§ Work instruction: Please return the lines of the data below, word for word, from the first line through the line containing "Since we are".

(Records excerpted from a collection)
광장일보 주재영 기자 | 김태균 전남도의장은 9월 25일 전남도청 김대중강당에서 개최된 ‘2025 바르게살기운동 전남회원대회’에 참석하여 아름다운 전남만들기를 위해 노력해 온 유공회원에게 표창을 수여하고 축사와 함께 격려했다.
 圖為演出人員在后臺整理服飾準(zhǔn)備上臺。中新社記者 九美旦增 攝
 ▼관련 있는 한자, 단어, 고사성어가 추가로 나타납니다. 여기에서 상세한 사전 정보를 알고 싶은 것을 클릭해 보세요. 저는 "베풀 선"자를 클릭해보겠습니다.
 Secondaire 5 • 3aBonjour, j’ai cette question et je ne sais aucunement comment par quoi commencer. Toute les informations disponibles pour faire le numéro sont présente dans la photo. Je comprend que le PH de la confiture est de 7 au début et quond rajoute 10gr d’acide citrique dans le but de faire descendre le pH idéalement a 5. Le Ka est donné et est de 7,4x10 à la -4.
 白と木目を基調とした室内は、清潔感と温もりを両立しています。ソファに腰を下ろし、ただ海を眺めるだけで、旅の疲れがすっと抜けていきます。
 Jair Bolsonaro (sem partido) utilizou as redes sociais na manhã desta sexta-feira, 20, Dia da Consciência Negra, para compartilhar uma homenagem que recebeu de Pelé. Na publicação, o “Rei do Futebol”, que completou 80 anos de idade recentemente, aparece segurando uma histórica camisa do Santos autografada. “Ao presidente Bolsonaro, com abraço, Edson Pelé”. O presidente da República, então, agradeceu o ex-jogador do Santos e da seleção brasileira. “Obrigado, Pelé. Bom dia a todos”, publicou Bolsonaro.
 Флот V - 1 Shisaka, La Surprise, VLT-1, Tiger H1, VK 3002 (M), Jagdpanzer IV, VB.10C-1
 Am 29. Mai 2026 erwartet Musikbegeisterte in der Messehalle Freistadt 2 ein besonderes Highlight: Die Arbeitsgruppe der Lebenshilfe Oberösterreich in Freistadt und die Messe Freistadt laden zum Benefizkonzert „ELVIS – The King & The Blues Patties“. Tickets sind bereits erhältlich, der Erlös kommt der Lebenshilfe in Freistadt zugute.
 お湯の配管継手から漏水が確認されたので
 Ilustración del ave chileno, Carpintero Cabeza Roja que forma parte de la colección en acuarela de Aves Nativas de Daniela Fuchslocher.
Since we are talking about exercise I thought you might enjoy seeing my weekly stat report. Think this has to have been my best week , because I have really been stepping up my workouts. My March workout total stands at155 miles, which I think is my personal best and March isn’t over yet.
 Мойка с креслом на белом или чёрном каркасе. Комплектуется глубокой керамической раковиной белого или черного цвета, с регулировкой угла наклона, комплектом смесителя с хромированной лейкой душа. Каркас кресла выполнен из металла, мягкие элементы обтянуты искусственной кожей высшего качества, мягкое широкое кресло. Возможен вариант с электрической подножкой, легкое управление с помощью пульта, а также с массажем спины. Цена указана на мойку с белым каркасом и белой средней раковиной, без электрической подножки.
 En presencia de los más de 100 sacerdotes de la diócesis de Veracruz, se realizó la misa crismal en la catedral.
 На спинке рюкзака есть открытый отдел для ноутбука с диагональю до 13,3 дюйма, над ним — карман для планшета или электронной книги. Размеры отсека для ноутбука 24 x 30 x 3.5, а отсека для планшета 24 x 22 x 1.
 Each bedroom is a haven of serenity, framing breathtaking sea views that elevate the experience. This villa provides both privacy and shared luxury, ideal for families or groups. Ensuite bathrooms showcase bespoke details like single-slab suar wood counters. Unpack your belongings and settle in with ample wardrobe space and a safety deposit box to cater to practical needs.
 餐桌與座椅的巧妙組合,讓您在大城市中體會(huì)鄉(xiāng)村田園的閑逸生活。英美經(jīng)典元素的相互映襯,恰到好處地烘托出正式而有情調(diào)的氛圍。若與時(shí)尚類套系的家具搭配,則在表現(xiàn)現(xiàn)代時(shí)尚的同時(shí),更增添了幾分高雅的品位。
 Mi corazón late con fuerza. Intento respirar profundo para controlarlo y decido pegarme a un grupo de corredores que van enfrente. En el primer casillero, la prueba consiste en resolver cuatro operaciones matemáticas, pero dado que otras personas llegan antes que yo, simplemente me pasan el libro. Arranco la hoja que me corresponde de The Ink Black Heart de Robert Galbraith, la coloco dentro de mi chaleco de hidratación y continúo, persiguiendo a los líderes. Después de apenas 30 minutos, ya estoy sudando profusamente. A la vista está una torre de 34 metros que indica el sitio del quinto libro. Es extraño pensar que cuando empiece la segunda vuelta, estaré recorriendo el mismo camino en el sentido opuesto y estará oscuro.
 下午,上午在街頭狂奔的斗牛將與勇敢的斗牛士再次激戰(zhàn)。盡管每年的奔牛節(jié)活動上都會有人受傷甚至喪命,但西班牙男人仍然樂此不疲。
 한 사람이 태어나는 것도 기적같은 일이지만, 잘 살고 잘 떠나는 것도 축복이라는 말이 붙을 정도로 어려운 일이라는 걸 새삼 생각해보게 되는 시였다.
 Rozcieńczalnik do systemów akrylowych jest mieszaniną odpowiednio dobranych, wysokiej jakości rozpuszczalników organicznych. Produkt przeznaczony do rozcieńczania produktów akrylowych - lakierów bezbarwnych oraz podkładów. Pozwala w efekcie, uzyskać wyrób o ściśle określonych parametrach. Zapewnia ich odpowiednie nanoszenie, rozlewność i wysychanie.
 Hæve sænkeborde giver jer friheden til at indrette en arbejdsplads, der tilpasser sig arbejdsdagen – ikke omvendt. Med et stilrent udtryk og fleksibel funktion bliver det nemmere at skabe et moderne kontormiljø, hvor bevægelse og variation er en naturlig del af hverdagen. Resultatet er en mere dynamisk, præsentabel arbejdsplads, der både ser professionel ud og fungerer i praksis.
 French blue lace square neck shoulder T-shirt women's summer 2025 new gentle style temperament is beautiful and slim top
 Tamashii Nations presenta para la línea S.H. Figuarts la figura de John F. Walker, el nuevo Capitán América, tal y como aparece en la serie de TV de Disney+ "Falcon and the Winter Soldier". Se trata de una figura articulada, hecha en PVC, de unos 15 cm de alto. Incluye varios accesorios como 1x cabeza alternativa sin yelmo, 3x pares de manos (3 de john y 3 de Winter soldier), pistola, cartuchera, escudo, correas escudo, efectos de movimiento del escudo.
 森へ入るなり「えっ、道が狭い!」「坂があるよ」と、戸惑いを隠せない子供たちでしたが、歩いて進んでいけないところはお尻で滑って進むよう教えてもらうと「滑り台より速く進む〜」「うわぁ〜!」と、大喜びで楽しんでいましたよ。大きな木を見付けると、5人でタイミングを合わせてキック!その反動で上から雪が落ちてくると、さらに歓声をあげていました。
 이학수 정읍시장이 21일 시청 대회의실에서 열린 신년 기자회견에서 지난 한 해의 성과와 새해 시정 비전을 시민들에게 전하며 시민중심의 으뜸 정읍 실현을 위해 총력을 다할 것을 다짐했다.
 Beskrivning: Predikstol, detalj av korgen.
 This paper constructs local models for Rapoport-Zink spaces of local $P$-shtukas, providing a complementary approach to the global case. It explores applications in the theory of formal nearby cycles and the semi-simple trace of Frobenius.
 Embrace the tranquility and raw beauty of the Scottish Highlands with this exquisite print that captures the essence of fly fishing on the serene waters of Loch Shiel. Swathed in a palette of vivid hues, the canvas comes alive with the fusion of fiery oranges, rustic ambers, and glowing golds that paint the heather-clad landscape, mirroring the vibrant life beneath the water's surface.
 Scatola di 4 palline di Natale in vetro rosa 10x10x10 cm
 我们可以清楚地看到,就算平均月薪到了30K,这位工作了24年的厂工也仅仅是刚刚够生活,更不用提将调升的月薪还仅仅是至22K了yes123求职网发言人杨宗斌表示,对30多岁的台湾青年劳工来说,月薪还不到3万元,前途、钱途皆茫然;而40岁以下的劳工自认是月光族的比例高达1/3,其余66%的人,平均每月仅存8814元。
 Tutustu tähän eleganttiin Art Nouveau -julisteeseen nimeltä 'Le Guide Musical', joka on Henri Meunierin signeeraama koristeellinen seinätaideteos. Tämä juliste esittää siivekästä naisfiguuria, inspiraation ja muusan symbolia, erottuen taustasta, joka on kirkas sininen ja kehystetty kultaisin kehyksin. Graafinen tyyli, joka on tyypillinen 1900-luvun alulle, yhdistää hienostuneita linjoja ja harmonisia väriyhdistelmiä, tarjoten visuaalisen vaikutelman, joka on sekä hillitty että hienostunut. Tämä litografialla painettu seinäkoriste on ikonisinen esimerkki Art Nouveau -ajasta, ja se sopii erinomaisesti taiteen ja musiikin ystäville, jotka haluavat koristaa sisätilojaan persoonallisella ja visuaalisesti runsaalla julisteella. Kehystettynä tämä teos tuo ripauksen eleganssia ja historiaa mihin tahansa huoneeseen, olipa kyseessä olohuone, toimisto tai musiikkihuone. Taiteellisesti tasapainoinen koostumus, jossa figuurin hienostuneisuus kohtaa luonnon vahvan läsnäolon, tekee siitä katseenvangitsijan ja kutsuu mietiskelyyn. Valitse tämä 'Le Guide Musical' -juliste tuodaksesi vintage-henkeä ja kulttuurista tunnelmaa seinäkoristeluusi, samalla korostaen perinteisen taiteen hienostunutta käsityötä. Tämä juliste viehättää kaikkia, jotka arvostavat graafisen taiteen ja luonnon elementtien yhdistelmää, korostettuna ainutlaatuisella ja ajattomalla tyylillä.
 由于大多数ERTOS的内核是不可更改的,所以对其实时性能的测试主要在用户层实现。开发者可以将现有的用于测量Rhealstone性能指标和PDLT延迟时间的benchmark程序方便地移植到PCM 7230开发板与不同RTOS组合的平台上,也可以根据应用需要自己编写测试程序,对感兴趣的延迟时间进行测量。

§ Solution to this problem:
광장일보 주재영 기자 | 김태균 전남도의장은 9월 25일 전남도청 김대중강당에서 개최된 ‘2025 바르게살기운동 전남회원대회’에 참석하여 아름다운 전남만들기를 위해 노력해 온 유공회원에게 표창을 수여하고 축사와 함께 격려했다.
 圖為演出人員在后臺整理服飾準(zhǔn)備上臺。中新社記者 九美旦增 攝
 ▼관련 있는 한자, 단어, 고사성어가 추가로 나타납니다. 여기에서 상세한 사전 정보를 알고 싶은 것을 클릭해 보세요. 저는 "베풀 선"자를 클릭해보겠습니다.
 Secondaire 5 • 3aBonjour, j’ai cette question et je ne sais aucunement comment par quoi commencer. Toute les informations disponibles pour faire le numéro sont présente dans la photo. Je comprend que le PH de la confiture est de 7 au début et quond rajoute 10gr d’acide citrique dans le but de faire descendre le pH idéalement a 5. Le Ka est donné et est de 7,4x10 à la -4.
 白と木目を基調とした室内は、清潔感と温もりを両立しています。ソファに腰を下ろし、ただ海を眺めるだけで、旅の疲れがすっと抜けていきます。
 Jair Bolsonaro (sem partido) utilizou as redes sociais na manhã desta sexta-feira, 20, Dia da Consciência Negra, para compartilhar uma homenagem que recebeu de Pelé. Na publicação, o “Rei do Futebol”, que completou 80 anos de idade recentemente, aparece segurando uma histórica camisa do Santos autografada. “Ao presidente Bolsonaro, com abraço, Edson Pelé”. O presidente da República, então, agradeceu o ex-jogador do Santos e da seleção brasileira. “Obrigado, Pelé. Bom dia a todos”, publicou Bolsonaro.
 Флот V - 1 Shisaka, La Surprise, VLT-1, Tiger H1, VK 3002 (M), Jagdpanzer IV, VB.10C-1
 Am 29. Mai 2026 erwartet Musikbegeisterte in der Messehalle Freistadt 2 ein besonderes Highlight: Die Arbeitsgruppe der Lebenshilfe Oberösterreich in Freistadt und die Messe Freistadt laden zum Benefizkonzert „ELVIS – The King & The Blues Patties“. Tickets sind bereits erhältlich, der Erlös kommt der Lebenshilfe in Freistadt zugute.
 お湯の配管継手から漏水が確認されたので
 Ilustración del ave chileno, Carpintero Cabeza Roja que forma parte de la colección en acuarela de Aves Nativas de Daniela Fuchslocher.
Since we are talking about exercise I thought you might enjoy seeing my weekly stat report. Think this has to have been my best week , because I have really been stepping up my workouts. My March workout total stands at155 miles, which I think is my personal best and March isn’t over yet.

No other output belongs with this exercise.